Same with the extended members- two of them give extremely generous gifts which is a bit uncomfortable. And frankly if I wanted a spotty M and S dressing gown I would buy one for myself. (Newsflash- I probably won’t.)
Arrgh, why does no-one listen to me , part 102 of a continuing series….
My sisters and I decided on no Christmas presents for the adults once we all had kids. But then my older sister always gives us some homemade biscuits, and her husband works in a distillery so there’s always a bottle and I have neither the time nor skills to reciprocate without just buying something.
Could have been worse. She might have got the wrong Ezra and bought you Mr. Pound’s Fascist Cantos
… or George Ezra’s latest platter, @ahh_bisto
Or Essra Mohawk’s “Primordial Lovers” (1970) – an album that I once read was the greatest piece of buried treasure in the history of popular music. I bought it unheard.
I was disappoint.
Do any other Afterworders have Essra Mohawk’s “Primordial Lovers”?
A long time ago an ex of mine, knowing my liking for P.J. Harvey, came home with a cassette for me.
Apparently Polly and PJ Proby are one and the same.
Polly’s rather less likely to split her trousers.

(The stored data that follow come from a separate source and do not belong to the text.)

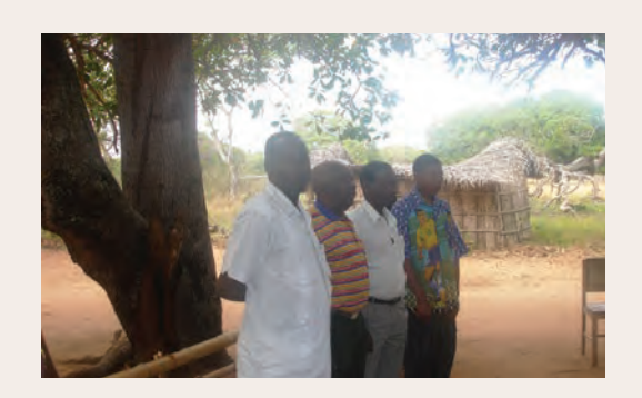
There is little happening, no action or context, and the position of the photographer is poor, casting all the faces in shadow.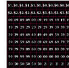
CRACK N SNAP PRICING KIT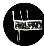
ELASTICATED HEM WITH SIDE ADJUST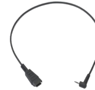
25-124389-01R Headset adapter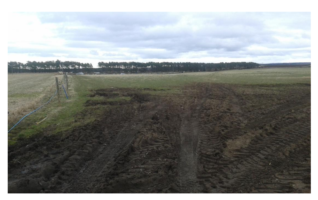
Plate 34. Parcel 12e after data collection, looking east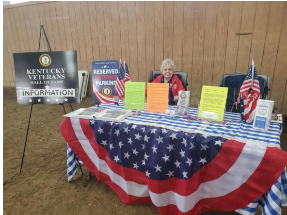
Henderson Horses for Heroes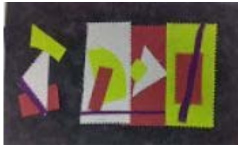
#205 – Fearless Color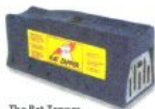
The Rat Zapper

Once you are confident that you are on target, then you need to properly bait the Rat Zapper. Dry pet food has been carefully researched, and we have found it to be a very effective lure for rodents. You may use any dry bait that works ... it won't hurt our feelings! Dry dog or cat food should work very well. Please don't "glop" any moist bait in your brand new Rat Zapper because it may cause a "false tripping" and you won't get Mr. Mouse or Mr. Rat as quickly as you wish. Goopy oil-based "yummy rodent tummy pleasers" like Peanut Butter should be placed in a plastic container (e.g. bottle cap) at the back of the trap.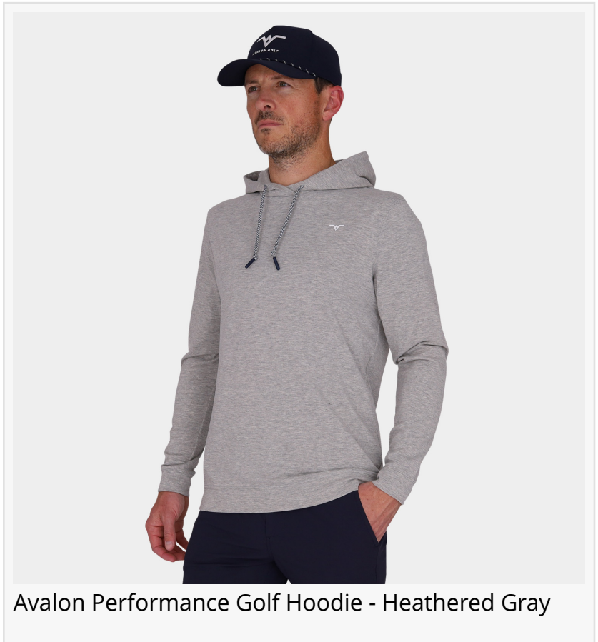
Avalon Performance Golf Hoodie - Heathered Gray

LOS ANGELES, CA, UNITED STATES, January 15, 2025 /EINPresswire.com/ -- Avalon Golf Co, a leading Luxury Men's Golf Apparel, introduces new Golf Layer Tops to their Modern Men's Golf Apparel Collection. The collection features 3 new layer top styles and 21 new SKU's. The new Avalon Golf Tops compliment Avalon's existing line of golf joggers, pants, polos, belts, shorts and accessories and were introduced as functional tops for cooler weather golf rounds. The release includes the Performance Golf Hoodie , Tour Lite Q-Zip and Golf Crewnecks. Each designed with on course intent, these stylish tops are sure to make a style while providing functional warmth and performance.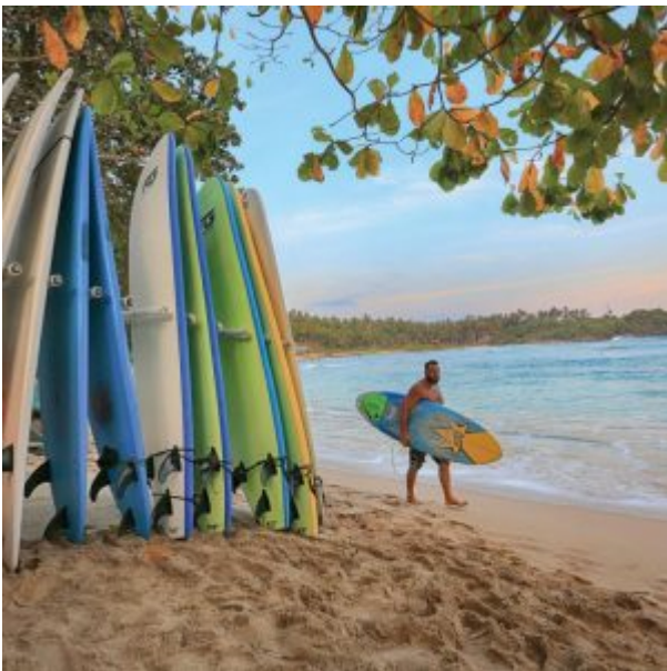
Grab a board and hit the waves - a perfect surf point for beginners

I’ve just read a book about the recording of New Order’s Blue Monday. PJ Proby went on to record a version himself, in the mid-80s, in Manchester. He demanded cash upfront, carried a concealed weapon and was accompanied by an underaged teenage runaway. Allegedly. Drugs may have also been involved.
PJ Proby with a concealed weapon? I don’t believe it.
He’d found a decent tailor after all those years!
I once made the mistake of buying my wife a handbag on a business trip. I wont make the same mistake again. The look on her face suggested she may have stepped in dog shit.
You bought her a… what?
A … Haaahhnndbaaahhg?!?
Have to say, Gatz – the hat suits you.
It’s 1970 and I’m five years old. Talk in the playground is of a new chocolate bar, an ungodly, twisted thing that’s about a foot long, but beneath its chokky coat is a freakish toffee/elastic hybrid you can stretch out longer than your arm, like an edible Stretch Armstrong. There’s awed whispers of how its caramelised tentacles have wound around inside kids’ stomachs and solidified in their intestines. Obviously I want one more than I’ve ever wanted anything.
So I run home and tell my mum I need a Curly-Wurly. Half and hour later I’m bouncing off the walls in the hall when she comes back from the shops with a Triffic Bar, as advertised by Mike Reid. (The dodgy geezer one out of Runaround, not the dodgy DJ one off of Junior Choice). She’s forgotten what I’d asked for. It doesn’t even sound like ‘curly-wurly,’ let alone taste like it. It’s got nougat in, which I think is ‘nuggit’ but my mum insists is ‘noo-gah’. Doesn’t matter either way because it’s manifestly not a Curly-Wurly. Also it tastes of reinforced cardboard dipped in cat shit. I can’t be seen at school with this.
So yeah I’m over it now, but I still hold a grudge against Mike Reid (both of them, for good measure), and if someone even mentions ‘noo-gah’ I do tend to vomit copiously over their shoes.
Mr Dennis says “I don’t stock Curly-Wurlies. I find them far too elaborate”
Could be worse – you could have been on the Space Shuttle:
I once stopped overnight at a campsite in Montelimar, the home of nougat.
What I found mot impressive about the place wasn’t the preponderance of nougat shops, but the place we went for a morning coffee was a bar that doubled as a bookies.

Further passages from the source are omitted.